#### Your assignment:
Would you print only the lines running from the one with "针对调研中发现的突出问题,香" to the final line of the data below, word for word and without pictures?

#### Data section:
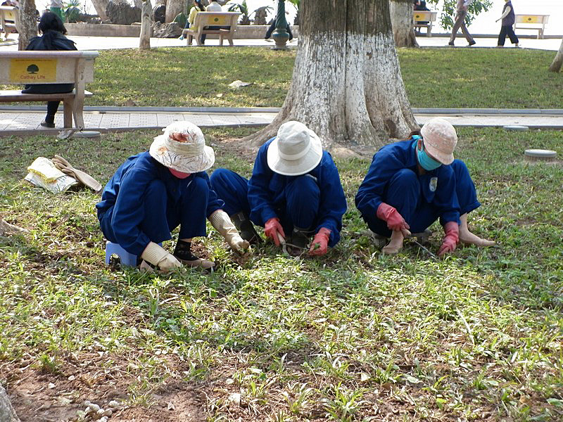 | C’est marrant, quand on voit quelqu’un qui bosse, c’est une femme ! Beaucoup portent un masque. Au début, je croyais que c’étaient les moches, mais c’est inexact. |
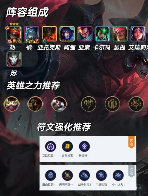 推荐英雄:塔姆、卡莎、蔚、阿狸、艾克、慎、卡尔玛等。这些英雄可以组成多种强力羁绊,如格斗家、学者、枪手等,特别是格斗家羁绊能大幅提升队伍的整体战斗力。装备选取 塔姆装备:优先配备日炎斗篷(开场削弱敌方前排)、狂徒铠甲(提升生存能力)和离子火花(对周围敌人造成魔法伤害并降低其魔抗)。
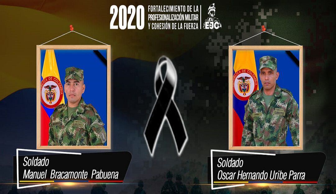 Perdieron la vida los soldados Óscar Uribe Parra, de Cunday, Tolima, y Manuel Bracamonte Pabuena, de San Marcos, Sucre.
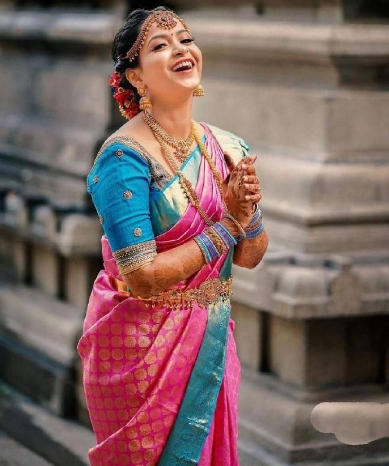 | • | Saree | : | Color- Pink / Fabric- Silk Blend |
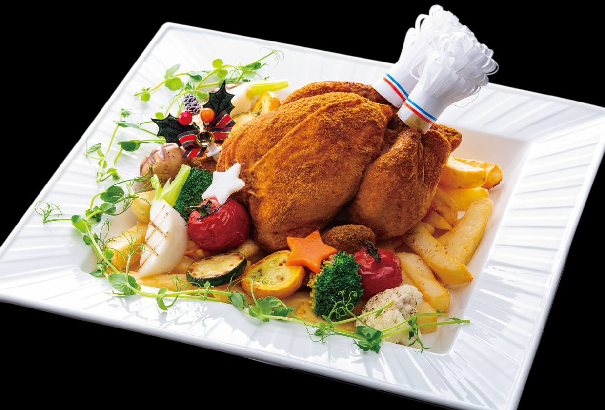 国産鶏を1羽丸々使いスパイスの利かせたローストチキンをご用意いたしました。
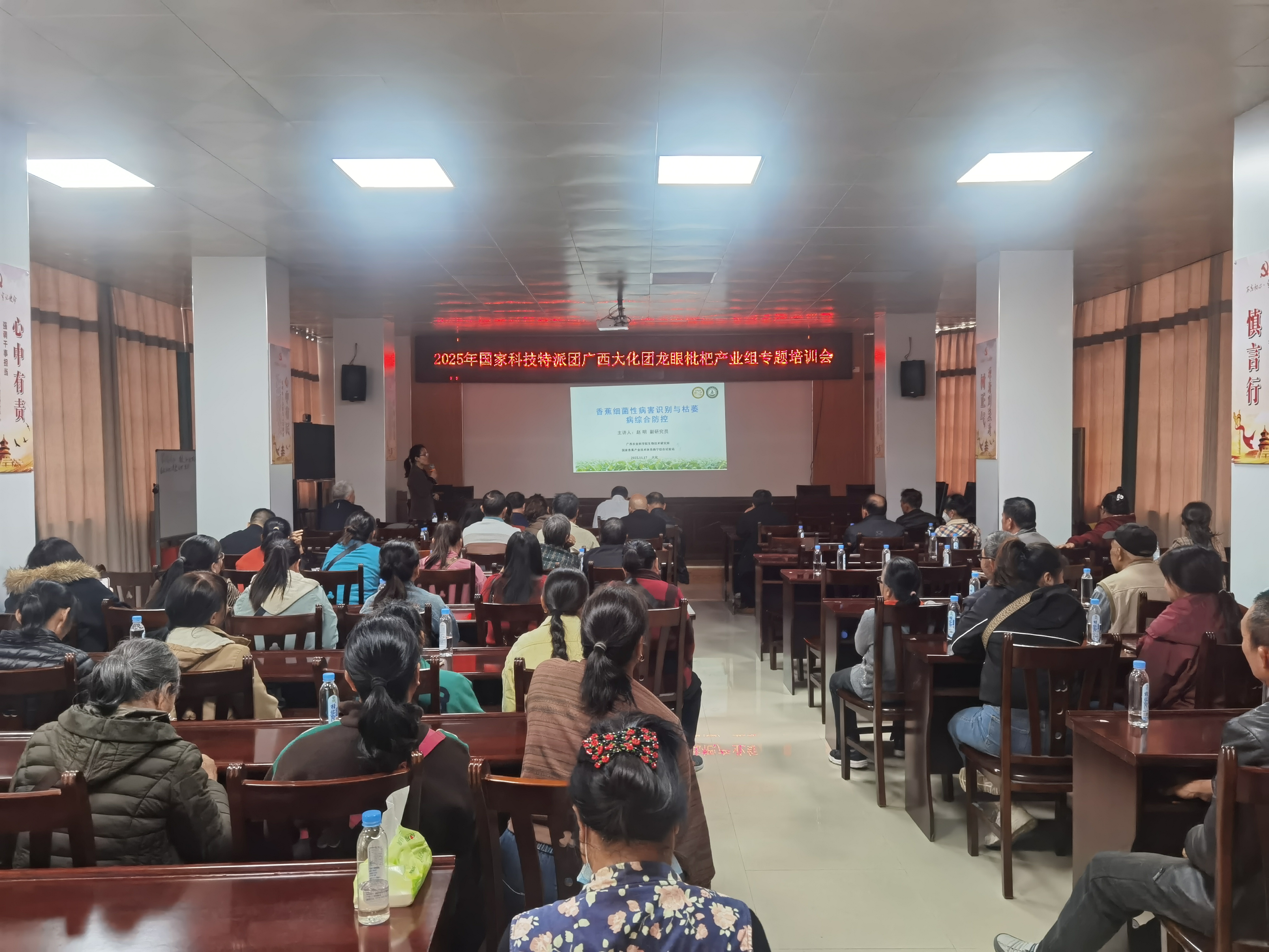 针对调研中发现的突出问题,香蕉体系南宁站成员赵明副研究员在大化县组织了以“香蕉细菌性病害识别与枯萎病综合防控”为主题的专项技术培训。培训面向核心产区农户、技术骨干及合作社代表等参训人员100余人。培训内容紧密结合当地生产实际,重点讲解了在当前条件下如何采取经济有效的综合防控措施,包括加强病害监测、落实健康栽培管理、增强植株抗性等,为农户提供了及时、实用的技术指导。
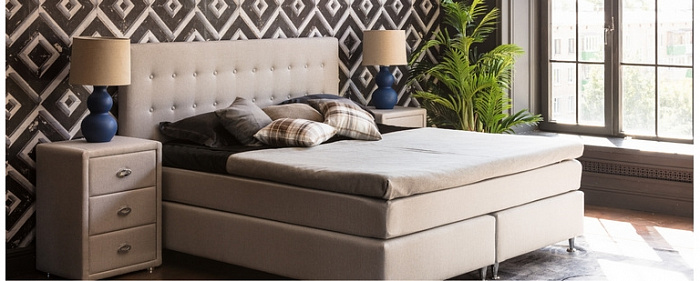 Спальная система Верона – современное и эффектное спальное место, которое станет центром любого любого классического и современного интерьера. Изголовье может быть выполнено в велюре или экокоже. Perrino Continental Beds - это сочетание классики и функциональности: Вы выбираете эффектную высокую и невероятно комфортную кровать, которую при этом отличает максимальный срок эксплуатации, гарантия 10 лет, абсолютная безопасность и отсутствие расшатывающихся элементов. В состав базовой комплектации входят изголовье и два стандартных бокса. Создать полноценное спальное место Вы можете, дополнив систему матрасом, на выбор с 500 или 1000 пружин, и топпером с уникальными мягкими наполнителями.

#### Response box:
 针对调研中发现的突出问题,香蕉体系南宁站成员赵明副研究员在大化县组织了以“香蕉细菌性病害识别与枯萎病综合防控”为主题的专项技术培训。培训面向核心产区农户、技术骨干及合作社代表等参训人员100余人。培训内容紧密结合当地生产实际,重点讲解了在当前条件下如何采取经济有效的综合防控措施,包括加强病害监测、落实健康栽培管理、增强植株抗性等,为农户提供了及时、实用的技术指导。
 Спальная система Верона – современное и эффектное спальное место, которое станет центром любого любого классического и современного интерьера. Изголовье может быть выполнено в велюре или экокоже. Perrino Continental Beds - это сочетание классики и функциональности: Вы выбираете эффектную высокую и невероятно комфортную кровать, которую при этом отличает максимальный срок эксплуатации, гарантия 10 лет, абсолютная безопасность и отсутствие расшатывающихся элементов. В состав базовой комплектации входят изголовье и два стандартных бокса. Создать полноценное спальное место Вы можете, дополнив систему матрасом, на выбор с 500 или 1000 пружин, и топпером с уникальными мягкими наполнителями.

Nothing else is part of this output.